Ощутимее пригревало солнце. Сильнее дул мягкий южный ветер. Незаметно для самого себя Давыдов склонил голову и задремал, тихо раскачиваясь на ухабах и неровностях заброшенной степной дороги.

Лошаденки попались ему захудалые, возница - пожилой колхозник Иван Аржанов - молчаливый и, по общему мнению в хуторе, слегка придурковатый. Он сильно прижеливал недавно порученных ему лошадей, а потому почти всю дорогу до полевого стана бригады они тащились таким нудным и тихим шагом, что на полпути Давыдов, очнувшись от дремоты, не выдержал, сурово спросил:

- Ты что, дядя Иван, горшки на ярмарку везешь? Боишься побить? Почему все время шагом едешь?

Аржанов, отвернувшись, долго молчал, потом ответил скрипучим голосом:

- Я знаю, какой "горшок" я везу, но хоть ты и председатель колхоза, а без толку скакать меня не заставишь, Тналишь, брат!

- Кто же говорит - "без толку"? Но ты хоть под горку тронь их рысцой! Не клажу везешь, считай, порожнем едешь, факт!

После длительного молчания Аржанов неохотно сказал:

- Животная сама знает, когда ей шагом идти, когда рысью бечь.

Давыдов начал не на шутку сердиться. Уже не скрывая возмущения, он воскликнул:

- Вот это лихо! А ты для чего? Для чего тебе вожжи в руки даны? Для чего ты на повозке место просиживаешь? А ну-ка, давай сюда вожжи!

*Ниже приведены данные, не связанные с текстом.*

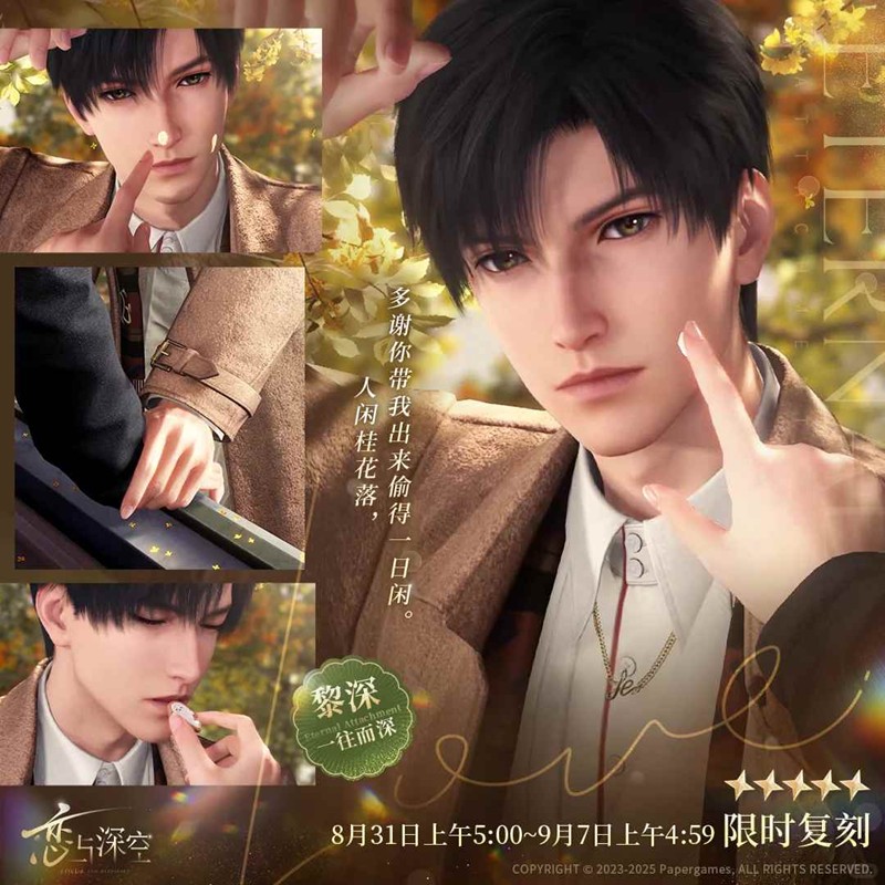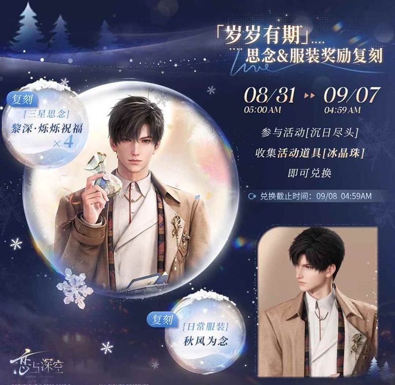 恋与深空黎深生日主题活动「一往而深」思念&服装复刻即将开启~活动期间,使用「深空许愿券」或「时光许愿券·限时」参与复刻许愿,限定五星思念「黎深·一往而深」许愿概率限时大幅度提升。一起来和小编看看吧~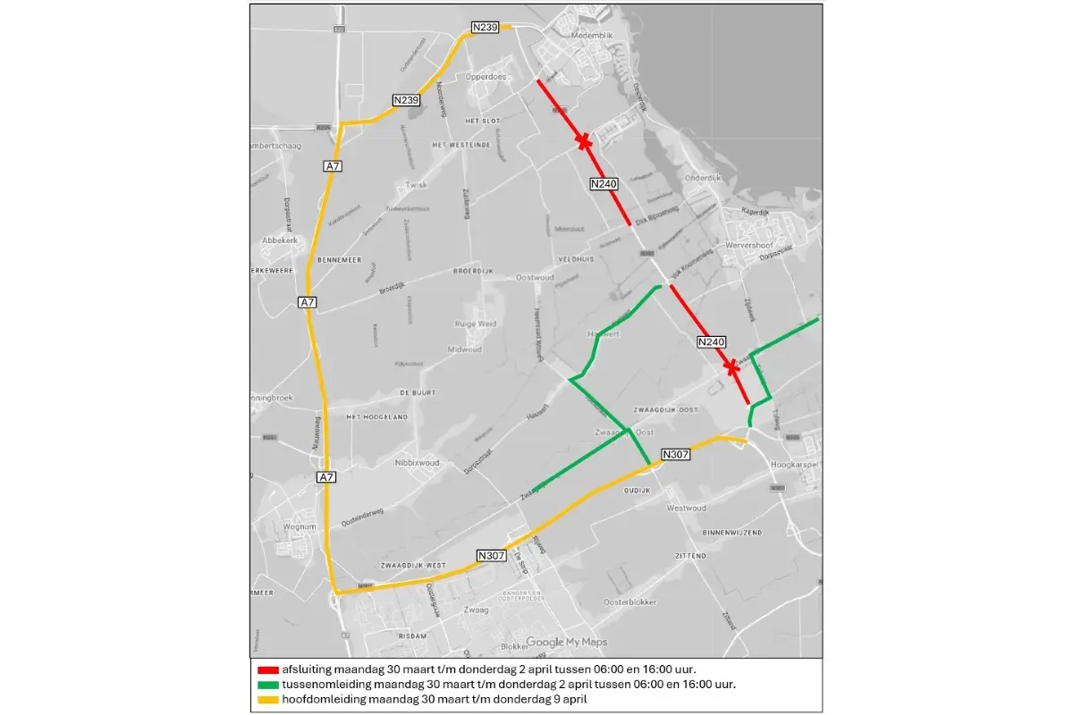 Van maandag 30 maart tot en met donderdag 2 april is de N240 tussen de rotonde met de Marktweg/ Zaadmarkt en de rotonde Vok Koomenweg dagelijks tussen 06.00 uur en 16.00 uur afgesloten voor doorgaand verkeer. In dezelfde periode is ook het traject N240 tussen de rotonde Dirk Bijvoetweg en de rotonde Almereweg volledig afgesloten. Het asfalt wordt vervangen en er wordt nieuwe belijning aangebracht. Het doorgaande verkeer volgt deze periode een omleiding via de N307 Westfriesiaweg, de A7 en de N239 Westerzeedijk. De parallelweg langs de N240 blijft beschikbaar voor nood- en hulpdiensten en langzaam verkeer.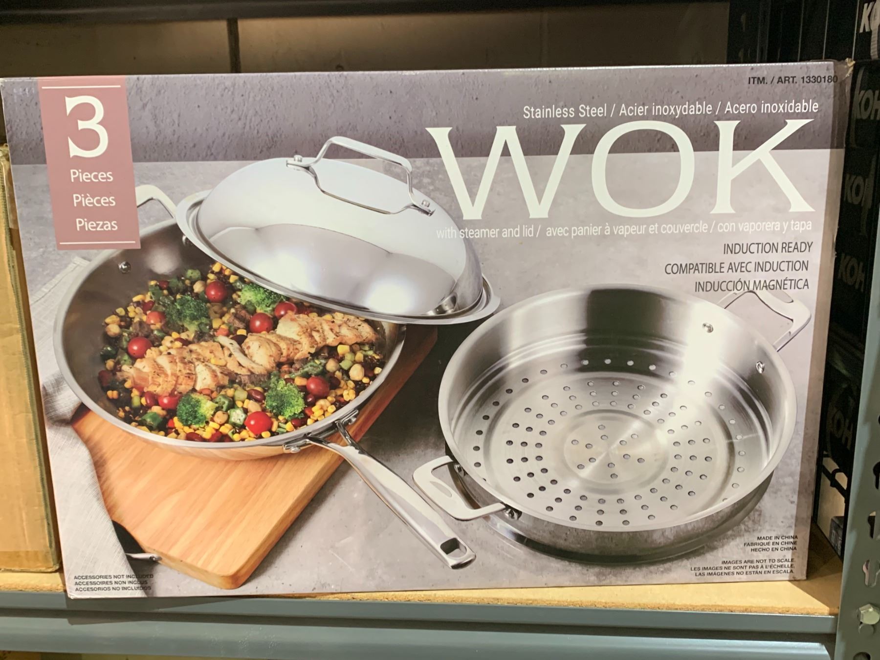 STAINLESS STEEL WOK WITH STEAMER AND LID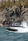 Her er det ingen planingsterskel å snakke om, og et lavt forbruk på mellom 0,4 og 0,5 liter per nautisk mil fra 12-23 knop forteller sin historie om det. Støynivået er også på den moderate siden, og dermed føles båten mer komfortabel enn størrelsen skulle tilsi. Detaljene og linjeføringen om bord ser ikke ut som kandidater til Nordisk råds designpris, men den nevnte rasingen i bølgene, avslører at det tydeligvis ikke er noe i veien med kvaliteten.

Уже явно охотнее Аржанов ответил:

- Вожжи мне в руки даны для того, чтобы править лошадьми, чтобы они шли туда, куда надо, а не туда, куда не надо. А ежели тебе не нравится, что я с тобой рядом сижу и место просиживаю, я могу слезть и идти возле брички пешком, но в твои руки вожжей не отдам, шалишь, брат!

- Это почему же ты не отдашь? - спросил Давыдов, тщетно пытаясь заглянуть в лицо упорно не желавшему смотреть на него вознице.

- А ты свои вожжи в мои руки отдашь?

- Какие вожжи? - не понял сразу Давыдов.

- А такие! У тебя же от всего колхоза вожжи в руках, тебе народ доверил всем хозяйством нашего колхоза править. Отдашь ты мне эти вожжи? Не отдашь, небось, скажешь: "Шалишь, дядя!" Вот так и я: я же не прошу твои вожжи? Не проси и ты мои!

Давыдов весело фыркнул. От недавней злости его не осталось и следа.

- Ну, а если, скажем, пожар в хуторе случится, ты и с бочкой воды будешь ехать такими же позорными темпами? - спросил он, уже с интересом ожидая ответа.

- На пожар таких, как я, с бочками не посылают...

И тут-то, глядя сбоку на Аржанова, Давыдов впервые увидел у него где-то ниже обветренной, шелушащейся скулы мелкие морщины сдержанной улыбки.

- А каких же посылают, по-твоему?

- Таких, как ты да Макар Нагульнов.

- Это почему же?

- А вы только двое в хуторе любите шибко ездить и сами вскачь живете...

Давыдов рассмеялся от всей души, хлопая себя по коленям и запрокидывая голову. Еще не отдышавшись от смеха, он спросил:

- Значит, если на самом деле пожар случится, только нам с Макаром и тушить его?

- Нет, зачем же! Вам с Макаром только воду возить, на лошадях во весь опор скакать, чтобы мыло с них во все стороны шмотьями летело, а тушить будем мы, колхозники,- кто с ведром, кто с багром, кто стопором... А распоряжаться на пожаре будет Размётнов, больше некому...

"Вот тебе и дядя с придурью!" - с искренним изумлением подумал Давыдов. После минутного молчания он спросил:

- Почему же ты именно Размётнова в пожарные начальники определил?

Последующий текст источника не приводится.